Here are some of the resources that may be a good fit for an HSP in recovery:
- Support groups: The classic venue for individuals to engage with others coming from similar situations and backgrounds. Being an HSP is somewhat rare and can feel isolating, so the connection found in recovery groups helps people feel less alone and more understood for who they are.
- Journaling: This technique can be used to "dump" thoughts and emotions. Being an HSP can be draining, as your nervous system tends to go into overdrive to process your experiences. Holding on to emotions is exhausting, so having a place to let your thoughts and feelings go is helpful.
- Therapy: Therapy helps all sorts of people and comes in many different forms. It offers a nonjudgmental space to share your thoughts and feelings and an empathetic ear that listens. This is specifically helpful for an HSP, as it provides a space where their sensitivity isn't questioned, and they can be themselves. An HSP can also try to find a therapist who specializes in working with the HSP population, someone with professional experience advising on the issues they deal with.

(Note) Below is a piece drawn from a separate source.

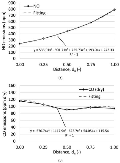 (a) NO, and (b) CO (dry) emissions for the five representative cycles with a different dn value. Their fitted correlations are also shown, together with the R2.
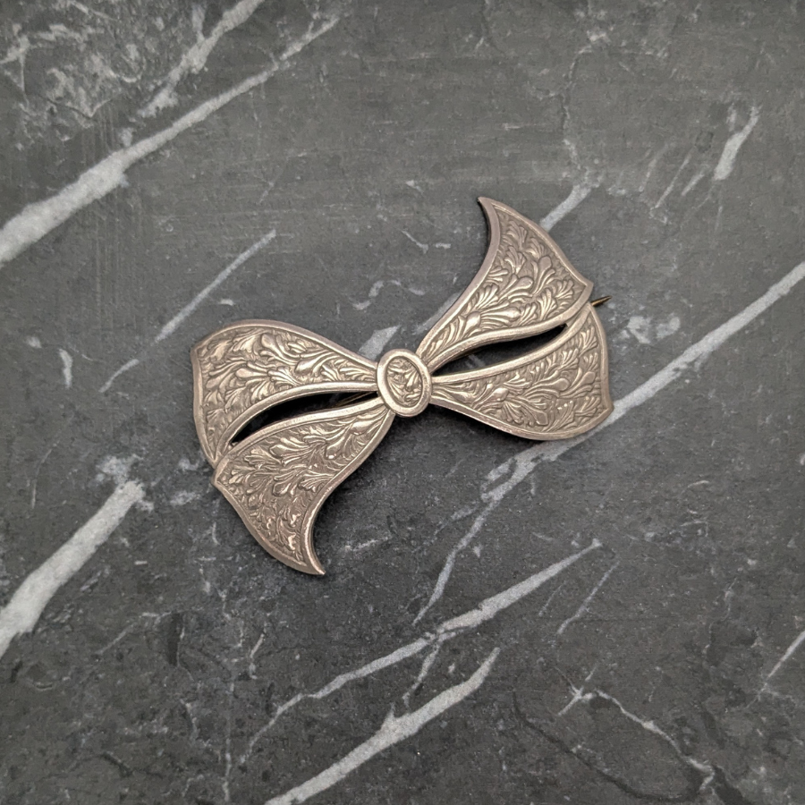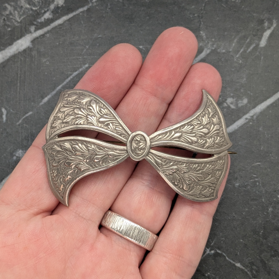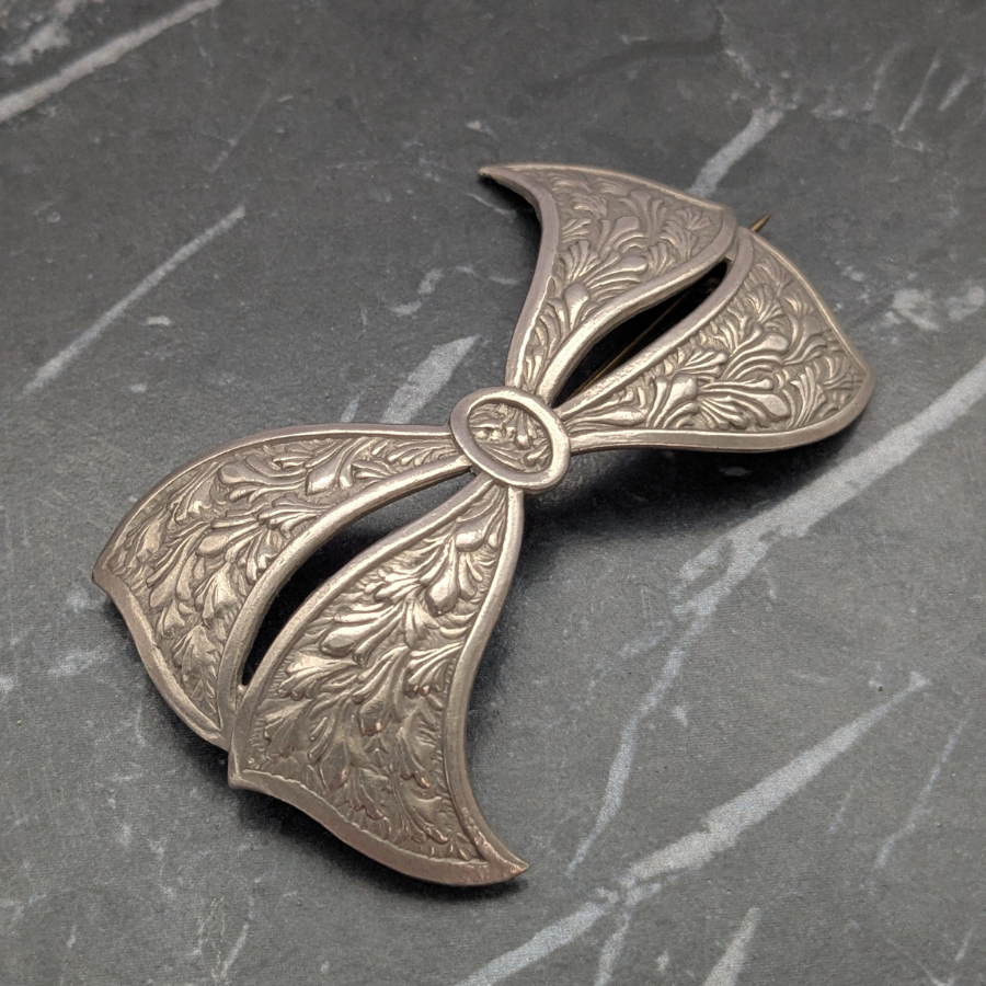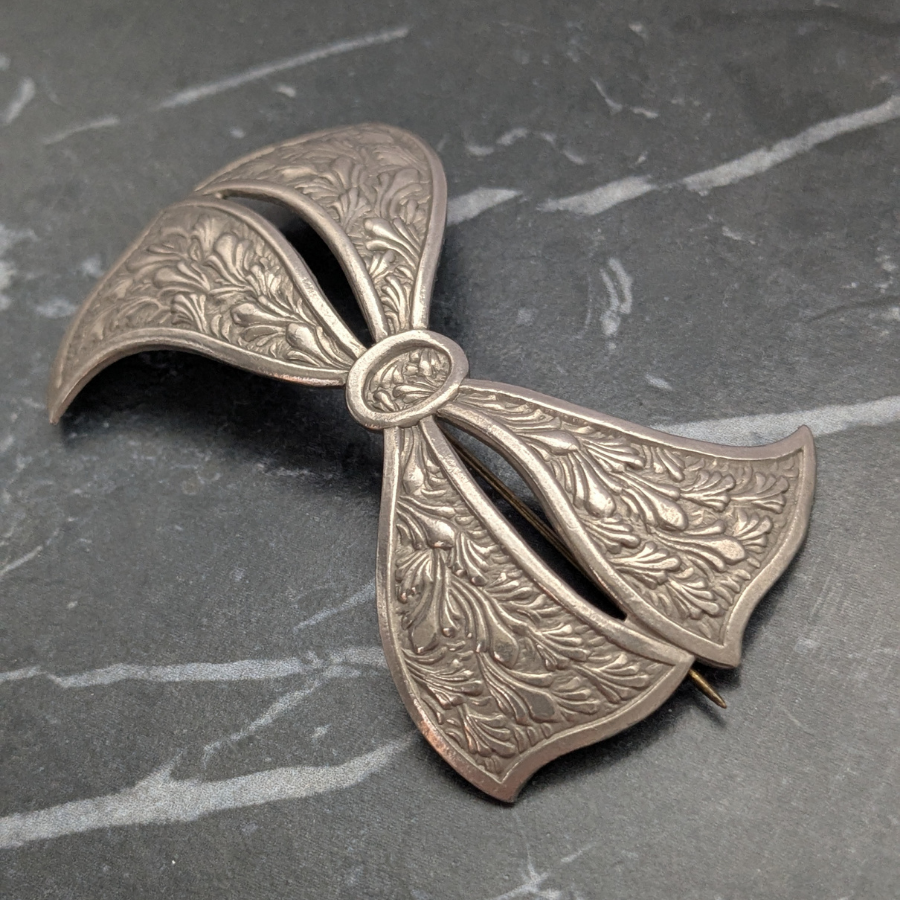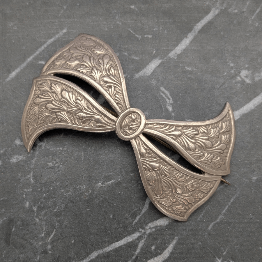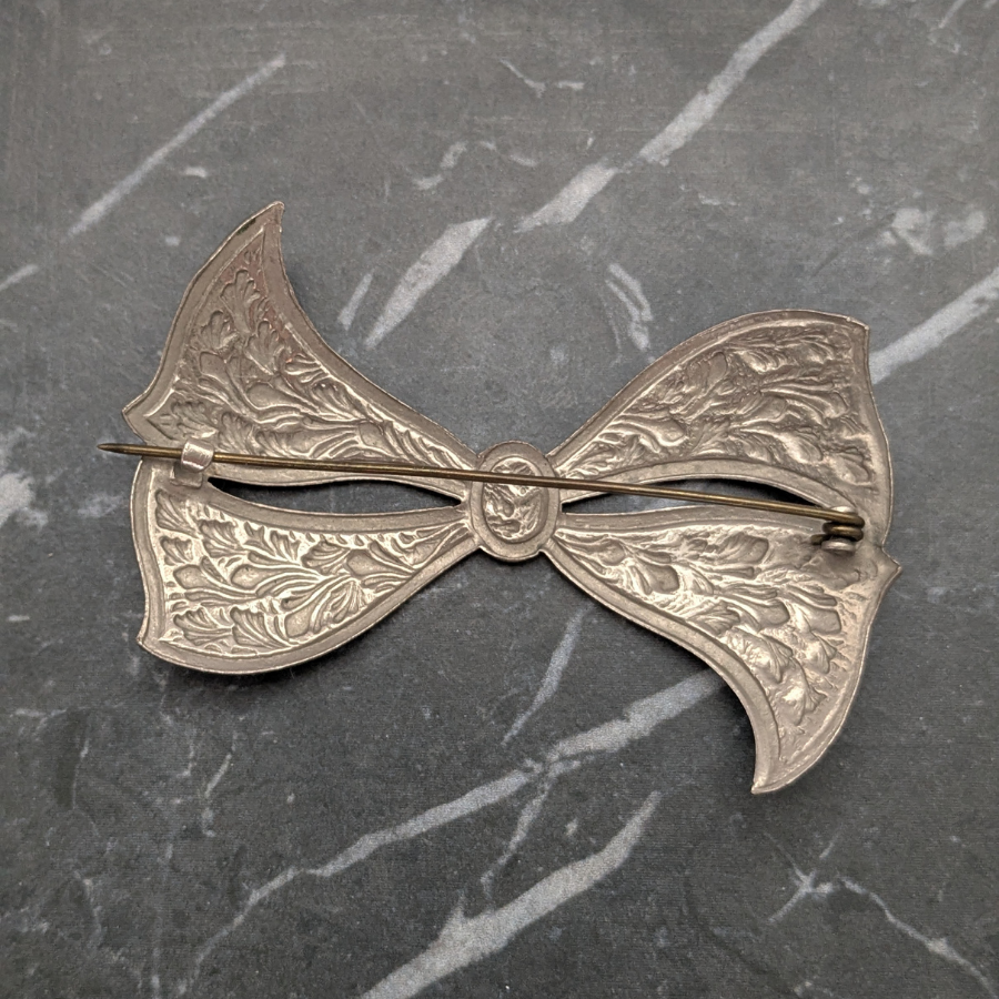 Stunning silver tone Art Deco bow brooch. The metal has a pressed design on it and fastens with a ‘C’ clasp and pin.

- Education on being highly sensitive: There's plenty of info out there on what makes an HSP and what ails an HSP. What do other HSPs find constructive, calming or stimulating (in a good way)? The answers could give you insight into the most effective treatment options for your specific needs.
- Sponsorship: Having a sponsor is a key part of some recovery programs. A good sponsor will serve as a mentor to help you navigate your recovery, encourage you to take the steps you choose, and hold you accountable for your actions and decisions. In addition, sponsorship can be helpful for an HSP because you'll have someone to check in and share feedback with on how life and its many complicated situations are affecting you, both positively and negatively.
Being highly sensitive has its ups and downs—but then, as an HSP, you understand that's how life is for everyone. Use your sensitivity and intuition to your advantage in recovery: Be mindful of what's bothering you, what's lifting you up, what soothes you, what stresses you, what you can do about it all and whom you can talk to. Know yourself, and get the care you deserve.